# List of Countries by GDP Sector Composition
The dataset is available on [Kaggle](https://www.kaggle.com/datasets/rajkumarpandey02/list-of-countries-by-gdp-sector-composition).
The goal of this dataset is to provide data visualisation of the GDP sector composition of countries.

In [None]:
import pandas as pd
import matplotlib.pyplot as plt
from os import stat
from IPython.display import display
%matplotlib inline

## Importing the dataset
First, we need to import the dataset, using the `pandas` library.

In [None]:
# Size of the file

filename = 'data/gdp-sector-composition.csv'

file = stat(filename)
print(f'File size: {file.st_size / 1024} kB.')

# Read the CSV file

df = pd.read_csv(filename, low_memory=False)
df.rename(columns={'Unnamed: 5': 'Rank Agriculture', 'Unnamed: 6' : 'Agriculture % of GDP', 'Unnamed: 8' : 'Rank Industry', 'Unnamed: 9' : 'Industry % of GPD', 'Unnamed: 11': 'Rank Services', 'Unnamed: 12' : 'Services % of GDP'}, inplace=True)

for col in df.columns:
    if col.startswith('Country'): continue
    if df[col].dtype == 'object':
        df[col] = pd.to_numeric(df[col], errors='coerce')

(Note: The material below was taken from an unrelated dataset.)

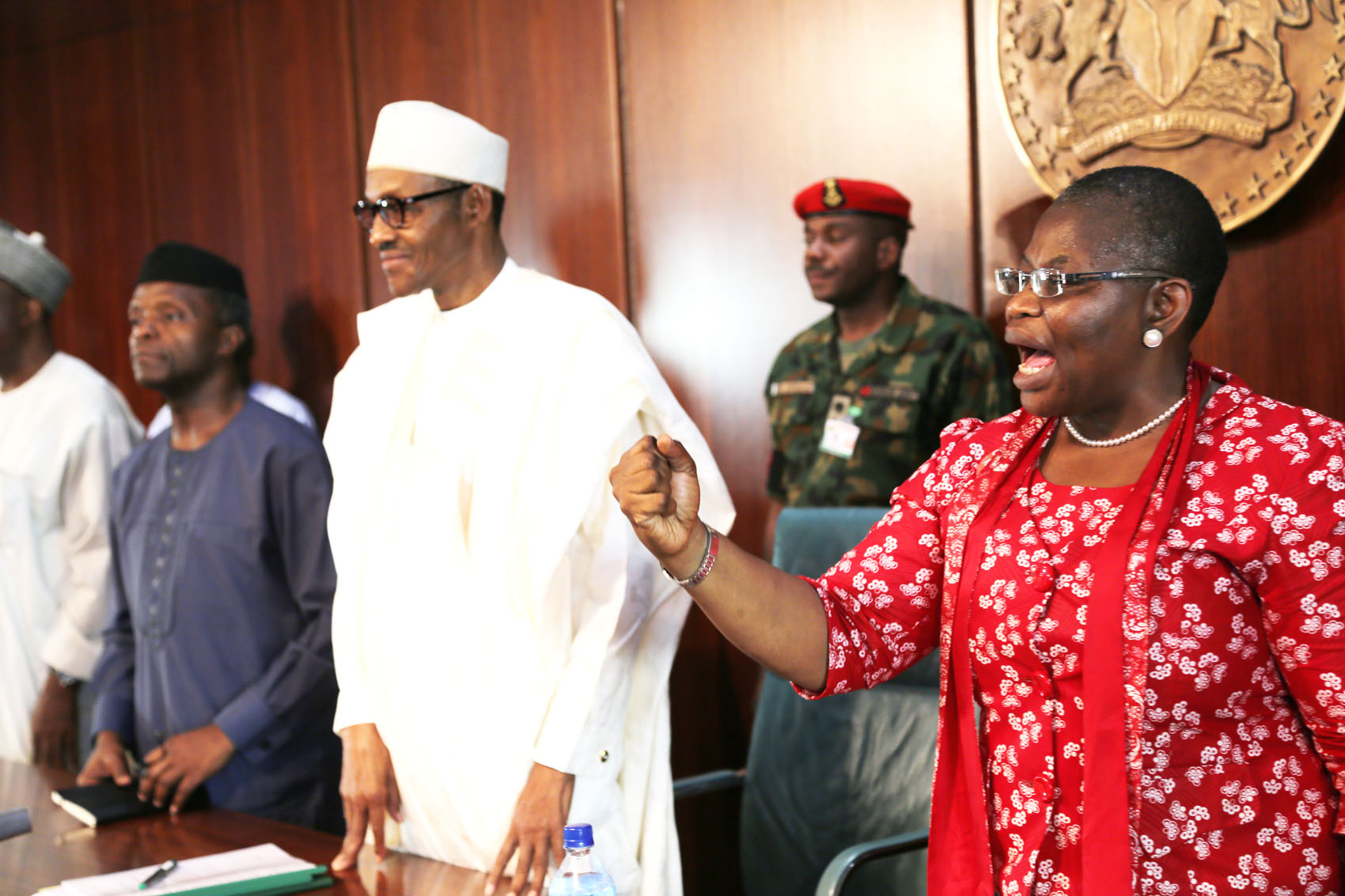 The co-convener, Bring Back Our Girls and Former Education Minister Oby Ezekwesili, President Muhammadu Buhari, Vice President Yemi Osibajo at the Presidential Villa On Wednesday 8th July 2015 PHOTO:Philip Ojisua

if df.isna().sum().sum() > 0:
    print('There are missing values in the dataset.')
    print('Dropping lines')
    print(f'Number of lines before dropping: {df.shape}')
    df.dropna(axis = 0, inplace=True)
    print(f'Number of lines after dropping: {df.shape}')
else: print(f'Data from the CSV file: {df.shape}')

## Data visualization
We are now going to visualize the data, using the `matplotlib` library.

In [None]:
display(df.info())
display(df.head(10))
display(df.describe())

Now, as our data are ready, we can now visualize them.

In [None]:
plt.figure(figsize=(15, 9))
plt.hist(df['Agriculture % of GDP'], bins=20, color = 'blue', alpha = 0.5, histtype='stepfilled', label='Agriculture', edgecolor='black')
plt.hist(df['Industry % of GPD'], bins=20, color = 'red', alpha = 0.5, histtype='stepfilled', label='Industry', edgecolor='black')
plt.hist(df['Services % of GDP'], bins=20, color = 'green', alpha = 0.5, histtype='stepfilled', label='Services', edgecolor='black')
plt.legend()
plt.title('GDP Sector Composition')
plt.show()

Now, we are going to plot this importance per country.

In [None]:
plt.figure(figsize=(15, 9))
plt.title('Weight of agriculture in GDP')
plt.barh(df['Country/Economy'], df['Agriculture % of GDP'], color = 'blue')
plt.show()

In [None]:
plt.figure(figsize=(15, 9))
plt.title('Weight of industry in GDP')
plt.barh(df['Country/Economy'], df['Industry % of GDP'], color = 'blue')
plt.show()

In [None]:
plt.figure(figsize=(15, 9))
plt.title('Weight of services in GDP')
plt.barh(df['Country/Economy'], df['Services % of GDP'], color = 'blue')
plt.show()

## Repartition per country

In [None]:
for country in df['Country/Economy']:
    plt.figure(figsize=(10, 7))
    plt.title(f'Weight of sectors in GDP of {country}')
    plt.pie(df[df['Country/Economy'] == country][['Agriculture % of GDP', 'Industry % of GPD', 'Services % of GDP']].values[0], labels=['Agriculture', 'Industry', 'Services'], autopct='%1.1f%%', shadow=True, startangle=90)
    plt.show()